(Exercise):
Using the data below, return word for word every line from the one holding "A modern and" down to the one holding "Maison D’Amelie Black". Leave pictures out.

(Available data):
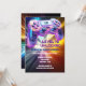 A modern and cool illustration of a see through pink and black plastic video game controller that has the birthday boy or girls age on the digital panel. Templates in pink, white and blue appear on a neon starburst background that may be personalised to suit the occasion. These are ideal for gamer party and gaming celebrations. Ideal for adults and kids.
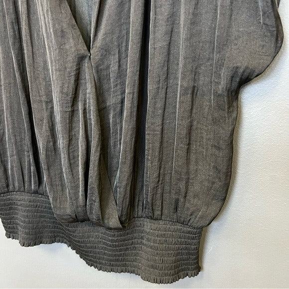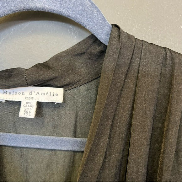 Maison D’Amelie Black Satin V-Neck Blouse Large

* * *

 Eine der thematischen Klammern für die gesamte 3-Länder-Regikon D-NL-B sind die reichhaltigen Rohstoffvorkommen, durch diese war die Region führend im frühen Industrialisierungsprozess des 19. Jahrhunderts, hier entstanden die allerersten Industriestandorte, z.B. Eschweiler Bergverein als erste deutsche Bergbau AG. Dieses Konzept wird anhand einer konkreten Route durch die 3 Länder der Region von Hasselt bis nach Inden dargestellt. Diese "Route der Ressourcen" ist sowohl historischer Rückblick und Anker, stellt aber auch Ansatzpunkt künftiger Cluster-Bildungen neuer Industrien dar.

(Task output):
 A modern and cool illustration of a see through pink and black plastic video game controller that has the birthday boy or girls age on the digital panel. Templates in pink, white and blue appear on a neon starburst background that may be personalised to suit the occasion. These are ideal for gamer party and gaming celebrations. Ideal for adults and kids.
 Maison D’Amelie Black Satin V-Neck Blouse Large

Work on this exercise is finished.